Final answer:
To calculate the minimum wall thickness for a spherical gas tank, the hoop stress formula is used and rearranged to solve for thickness. Assuming typical steel material properties and safety factors, the calculation gives a thickness greater than the options provided, indicating a potential error in the problem details or the provided options. Therefore, the correct option is D.
Step-by-step explanation:
To determine the minimum wall thickness required for a spherical gas tank to withstand a gauge pressure of 2 MPa, engineering principles related to stress analysis of thin-walled pressure vessels are applied.
The hoop stress (σ) for a spherical vessel is given by the formula:
σ = (P × r) / (2t)
where σ is the stress, P is the internal pressure, r is the radius of the sphere, and t is the wall thickness.

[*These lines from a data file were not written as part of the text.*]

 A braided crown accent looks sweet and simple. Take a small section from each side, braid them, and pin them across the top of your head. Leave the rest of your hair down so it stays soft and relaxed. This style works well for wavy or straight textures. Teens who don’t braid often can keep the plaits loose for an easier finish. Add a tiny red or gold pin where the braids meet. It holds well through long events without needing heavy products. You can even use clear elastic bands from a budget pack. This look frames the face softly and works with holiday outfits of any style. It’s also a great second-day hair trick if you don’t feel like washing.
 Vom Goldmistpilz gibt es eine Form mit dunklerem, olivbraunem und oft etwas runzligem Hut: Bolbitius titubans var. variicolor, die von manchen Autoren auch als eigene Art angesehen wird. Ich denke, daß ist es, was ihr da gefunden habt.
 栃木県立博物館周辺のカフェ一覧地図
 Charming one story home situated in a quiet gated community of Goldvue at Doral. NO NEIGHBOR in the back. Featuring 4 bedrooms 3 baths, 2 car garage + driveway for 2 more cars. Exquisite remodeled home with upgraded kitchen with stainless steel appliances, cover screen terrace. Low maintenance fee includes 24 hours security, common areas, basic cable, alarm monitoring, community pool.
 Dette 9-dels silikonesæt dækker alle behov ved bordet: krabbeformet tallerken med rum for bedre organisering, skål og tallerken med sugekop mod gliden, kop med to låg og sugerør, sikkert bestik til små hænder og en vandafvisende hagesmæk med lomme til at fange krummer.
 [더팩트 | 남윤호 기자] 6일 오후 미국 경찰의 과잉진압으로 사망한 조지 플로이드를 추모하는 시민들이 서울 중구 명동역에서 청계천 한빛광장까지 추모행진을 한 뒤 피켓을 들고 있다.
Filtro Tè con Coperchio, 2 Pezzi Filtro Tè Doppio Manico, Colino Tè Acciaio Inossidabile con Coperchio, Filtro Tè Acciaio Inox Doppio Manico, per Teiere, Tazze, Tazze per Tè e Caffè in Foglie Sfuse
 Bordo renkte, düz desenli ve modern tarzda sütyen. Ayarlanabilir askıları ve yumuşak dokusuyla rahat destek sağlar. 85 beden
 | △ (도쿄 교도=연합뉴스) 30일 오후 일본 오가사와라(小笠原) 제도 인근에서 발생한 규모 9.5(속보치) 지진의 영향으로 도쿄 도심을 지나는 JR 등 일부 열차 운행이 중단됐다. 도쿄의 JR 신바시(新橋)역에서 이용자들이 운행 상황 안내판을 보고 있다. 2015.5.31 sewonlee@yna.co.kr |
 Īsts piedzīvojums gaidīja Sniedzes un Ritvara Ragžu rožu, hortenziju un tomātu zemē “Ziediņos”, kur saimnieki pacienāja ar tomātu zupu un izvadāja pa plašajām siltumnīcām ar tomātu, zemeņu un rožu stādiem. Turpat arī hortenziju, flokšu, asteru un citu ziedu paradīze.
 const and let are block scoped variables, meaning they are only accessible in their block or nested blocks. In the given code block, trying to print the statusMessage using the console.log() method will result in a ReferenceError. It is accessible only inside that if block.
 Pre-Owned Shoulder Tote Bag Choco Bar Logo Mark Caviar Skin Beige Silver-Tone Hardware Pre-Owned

Let's rearrange the formula to solve for the wall thickness, t:
t = (P × r) / (2σ)
Considering a typical steel material with a tensile strength of around 400 MPa and a safety factor of 2, the allowable stress (σ) would be 200 MPa.
Therefore, the minimum wall thickness (t) required:
t = (2 × 10^6 Pa × 4 m) / (2 × 200 × 10^6 Pa)
t = 0.01 m or 10 mm
Since 40 mm is not one of the options provided, we can assume there is some lack of detail in the problem statement (such as the material strength or safety factors) or an error in the options. However, the calculation process is correct for the given gauge pressure and diameter of the tank.